(Extracted records)
<<<<

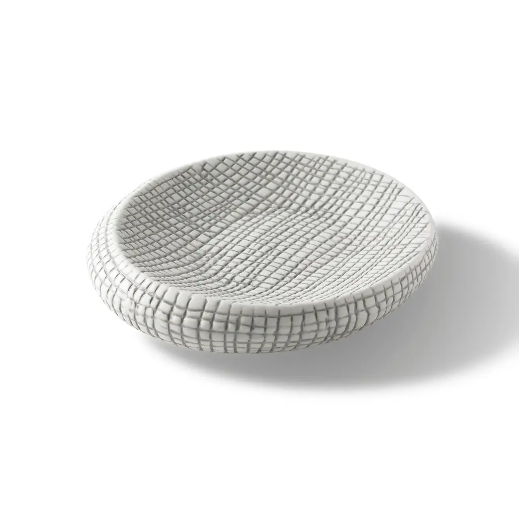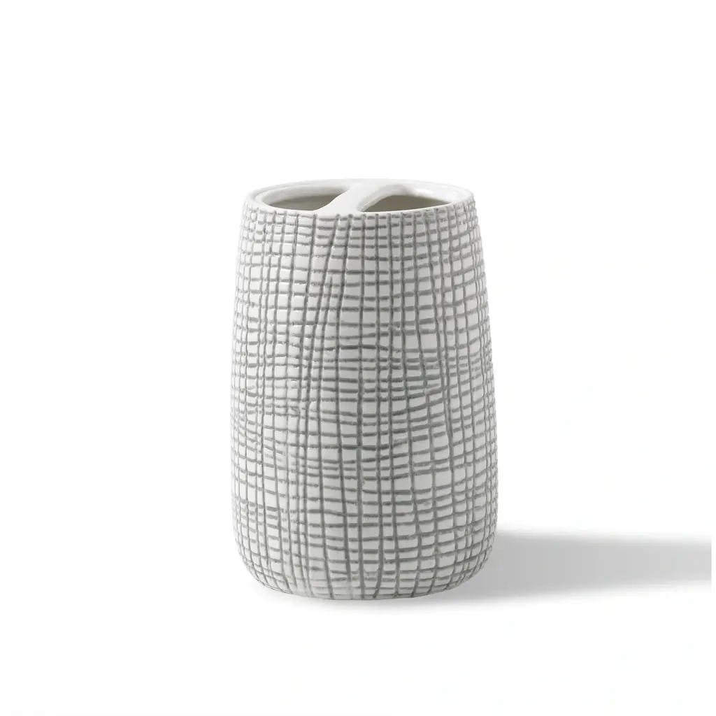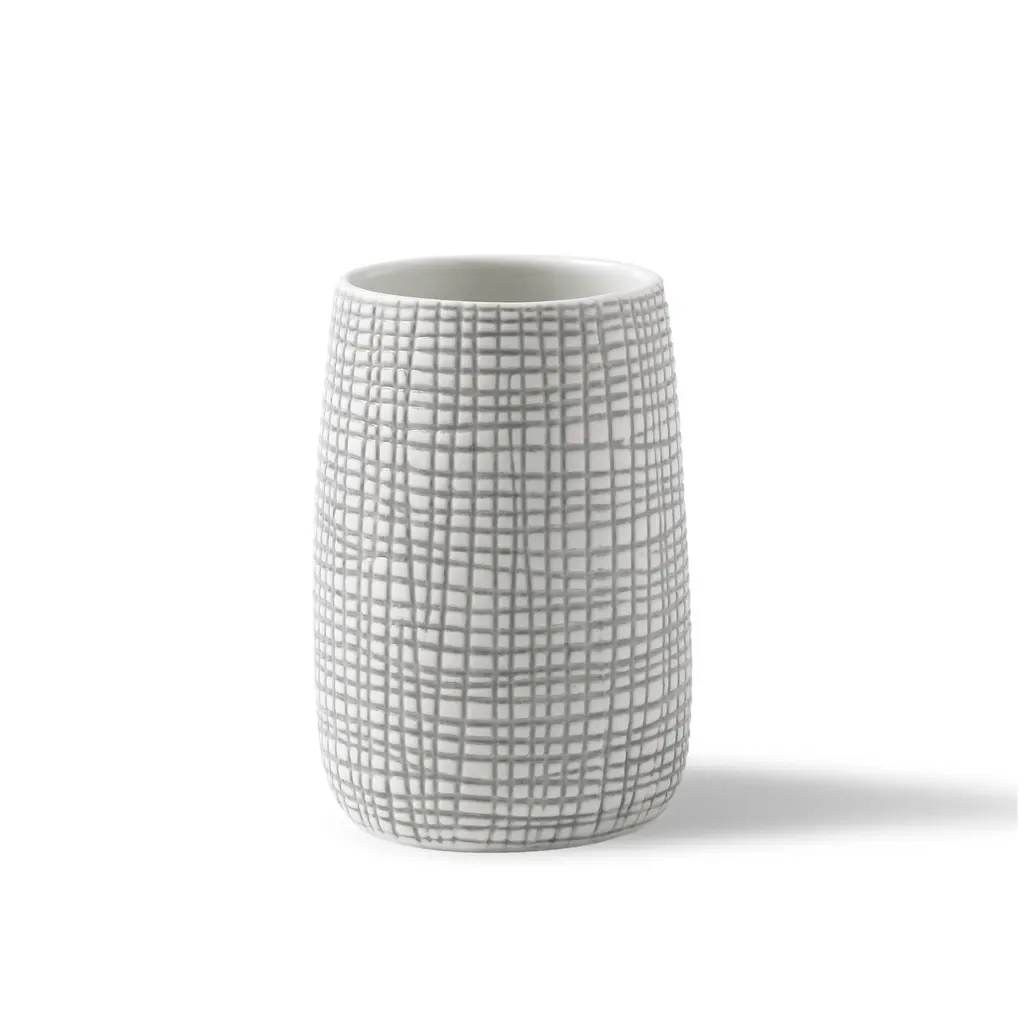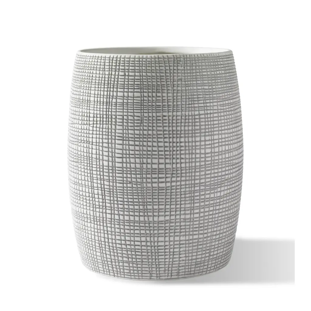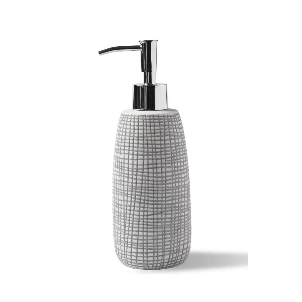 Bring the beauty of nature into your bathroom with the Cestino Bath Accessory Collection. Crafted from 100% embossed porcelain with painted details that imitate raffia palms, each piece exudes a serene and chic atmosphere. The stainless steel pump adds a touch of modern elegance. Each item is sold separately, and the collection includes a lotion dispenser, cotton jar, tissue holder, soap dish, tumbler, toothbrush holder, tray, and waste basket. Please note that the tumbler is not intended for use as a drinking cup. Clean these porcelain bath accessories easily with soap and water.Features:Dimensions:
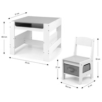 Večfunkcionalna otroška pohištvena garnitura. Miza SVEN z 2 stoličkama v beli in sivi barvi ter s sivimi dodatki je zasnovana tako, da otrokom nudi: udobje, prostor za ustvarjalno igro, risanje, pisanje in največje udobje pri aktivnostih. Garnitura vključuje 2 stoli z 2 tekstilnimi shranjevalnimi pripomočki, ki sta shranjena v polici pod stoli. Miza je opremljena s velikim prostorom za shranjevanje, ki se nahaja pod obojestransko odstranljivo ploščo. Ima tudi stranske shranjevalne police. Na eni strani mize je velika risalna tabla. Stoli so lahki in otroci jih lahko prosto premikajo. Pohištvo je izdelano z izjemno natančnostjo in skrbnostjo. Vsi stoli imajo zaobljene robove, kar otroka ščiti pred poškodbami. Vsi elementi konstrukcije mize in stoli zagotavljajo visoko stabilnost in zmanjšujejo tveganje padca. Garnitura Sven, narejena iz MDF, je odporna in enostavna za vzdrževanje. Pohištvena garnitura se enostavno sestavi in vse komponente, potrebne za montažo, so vključene v pakiranje.
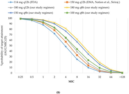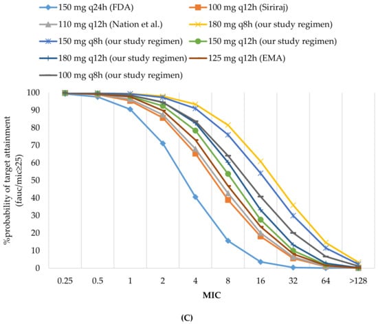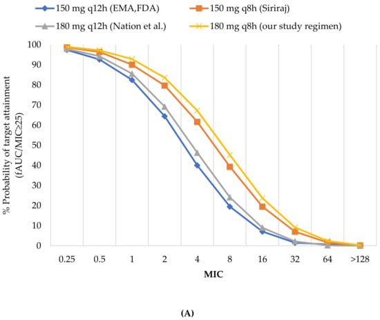 The FDA-approved regimens have shown lower target attainment rates than other regimens. Similarly, the studies from Nation et al. [12,16] showed that FDA-approved regimens were substaintially lower than those approved by the EMA. The data has also shown that patients with renal impairment have a better chance to achieve PTA target compared with normal renal function. The findings of our study were consistent with previous analyses, the dosing suggestions of Nation et al. achieved 80–90% of patients in each of 3 groups of creatinine clearance patients (50 to <80, 30 to <50, <30 mL/min). At creatinine clearance ≥ 80 mL/min, the suggested doses only provided <40% PTA for plasma colistin Css, avg of 2 mcg/mL [12]. Additionally, renal function significantly impacts upon the proportion of colistimethate for conversion to colistin due to colistimethate being predominately renally excreted by with only small fraction of the dose converted to colistin [9,22,23].
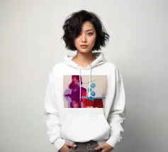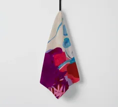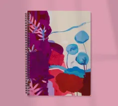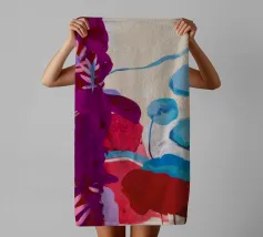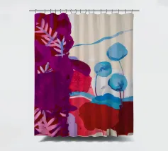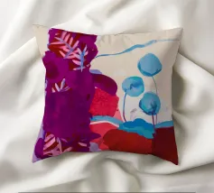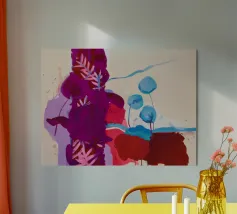 Un audace pezzo floreale astratto con vibranti forme a foglia o a petalo fucsia e viola, accentuate da fiori circolari blu brillante" su steli sottili.
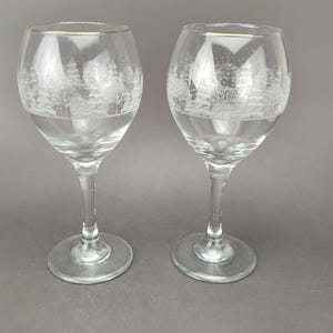 Cascade by Import Associates Etched Crystal Clear Wine Glasses - Set of 2 - Scrolled Bell Pattern
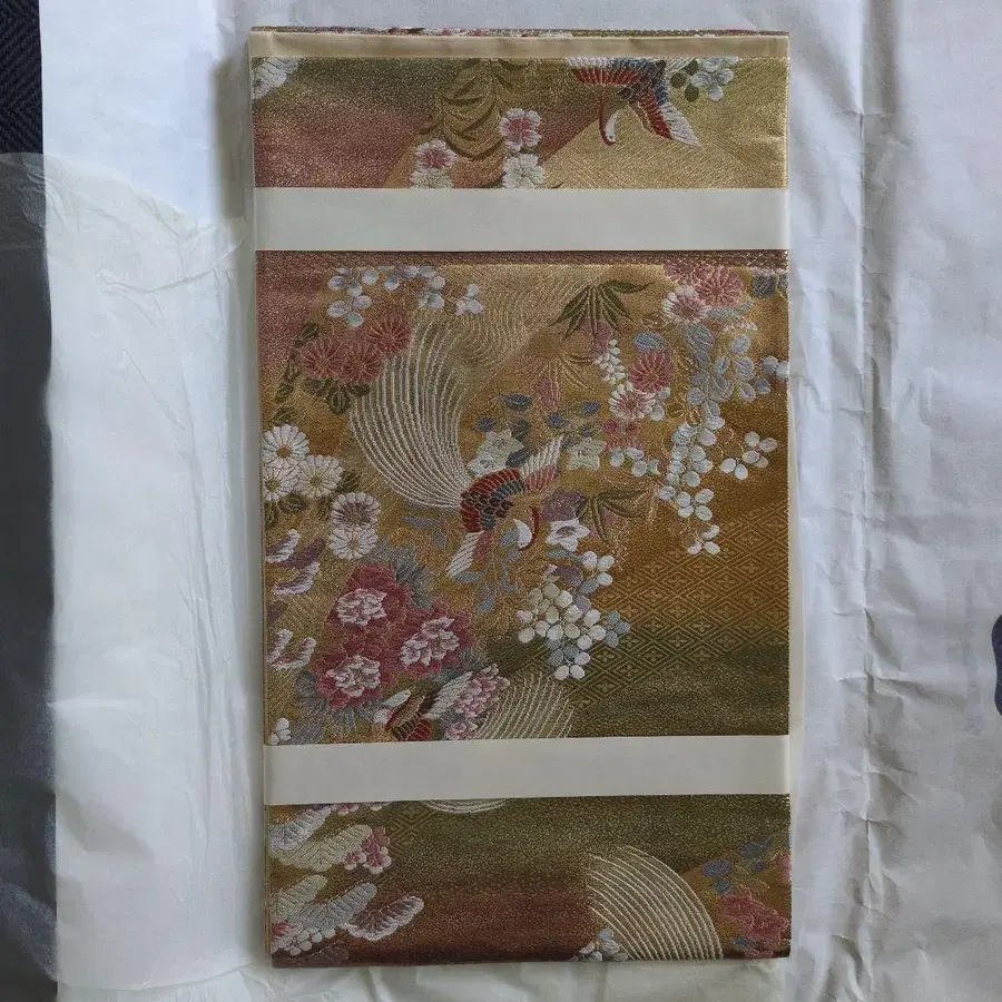 전통적인 일본 의류 오비 골드 컬러 꽃과 새 자수
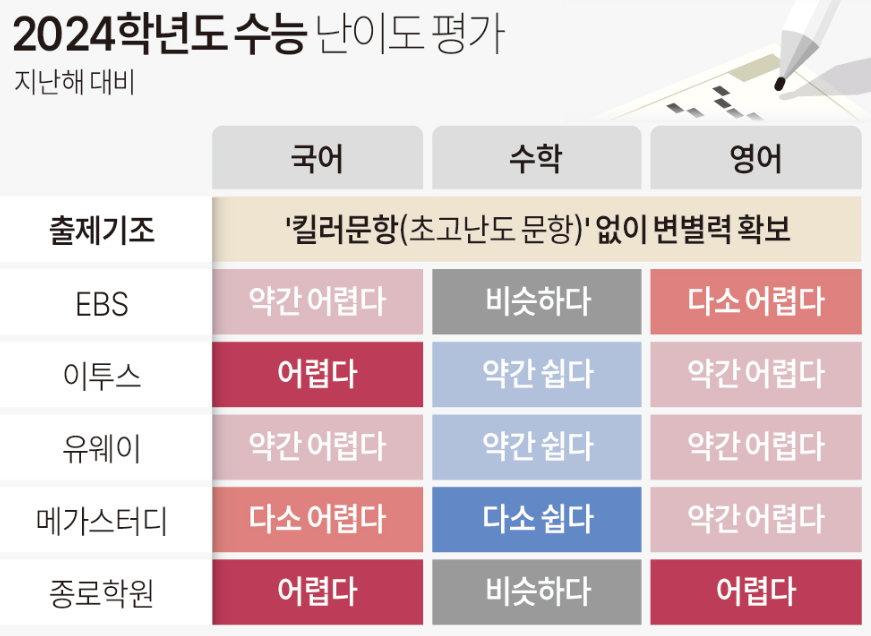 2024학년도 입시를 위한 대입수능시험이 치러졌습니다. 올해에는 킬러 문항 배제 원칙 발표이후 시험이 다소 쉬워질 것이라는 예상이 많았는데 일단 그 예상은 벗어난 것 같습니다. 난이도를 측정하는 객관적 지표인 표준점수 최고점 추정치가 국어 146~148, 수학 146~147점에 이르고 있어 가장 어려운 불수능으로 알려졌던 2022년도 수능과 비슷한 수준으로 어려웠던 것 같습니다.
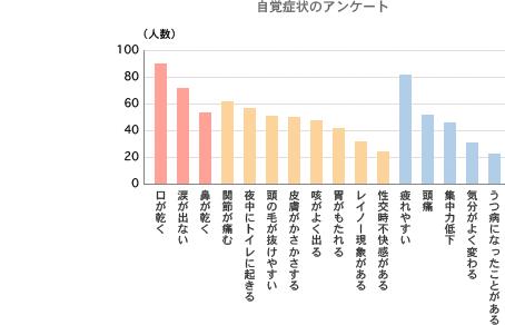 よくみられる症状としては、口腔の乾燥に続いて疲れやすいという症状の頻度が多い。
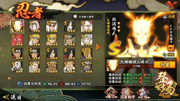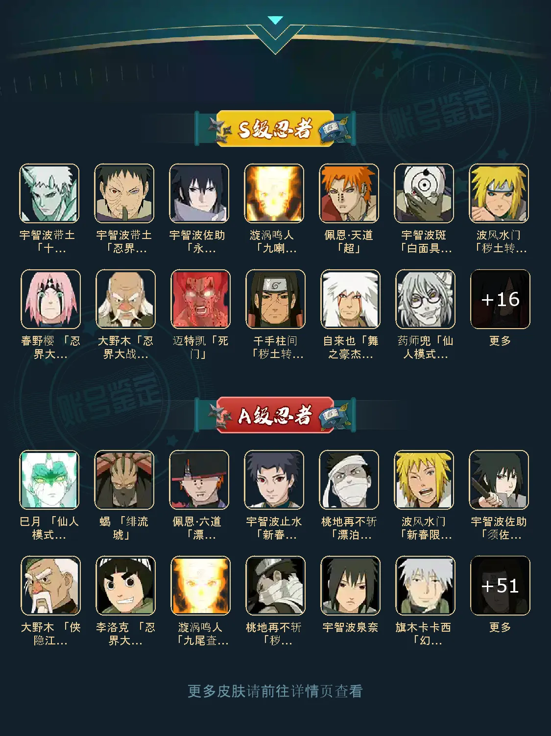 战力:947W+;VIP14级;S忍23个;A忍54个,通灵兽17个,S忍:九喇嘛鸣人忍战樱豪杰自来也大蛇丸百豪纲手死门凯波风水门秽土水门秽土猿飞千手扉间千手柱间秽土柱间宇智波斑秽土斑神秘面具男白面具鬼灯幻月三代艾忍战大野木秽土半藏天道超秽
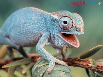 Gałązka, Pyszczek, Niebieski, Kameleon, Otwarty

>>>>

Your task |
Your answer must be exactly the lines from the one containing "よくみられる症状としては、口腔の乾燥に続いて疲れやすいという症状の頻度が多い。" through the last line of the records above, both included, with every picture left out.

Answer space |
 よくみられる症状としては、口腔の乾燥に続いて疲れやすいという症状の頻度が多い。
 战力:947W+;VIP14级;S忍23个;A忍54个,通灵兽17个,S忍:九喇嘛鸣人忍战樱豪杰自来也大蛇丸百豪纲手死门凯波风水门秽土水门秽土猿飞千手扉间千手柱间秽土柱间宇智波斑秽土斑神秘面具男白面具鬼灯幻月三代艾忍战大野木秽土半藏天道超秽
 Gałązka, Pyszczek, Niebieski, Kameleon, Otwarty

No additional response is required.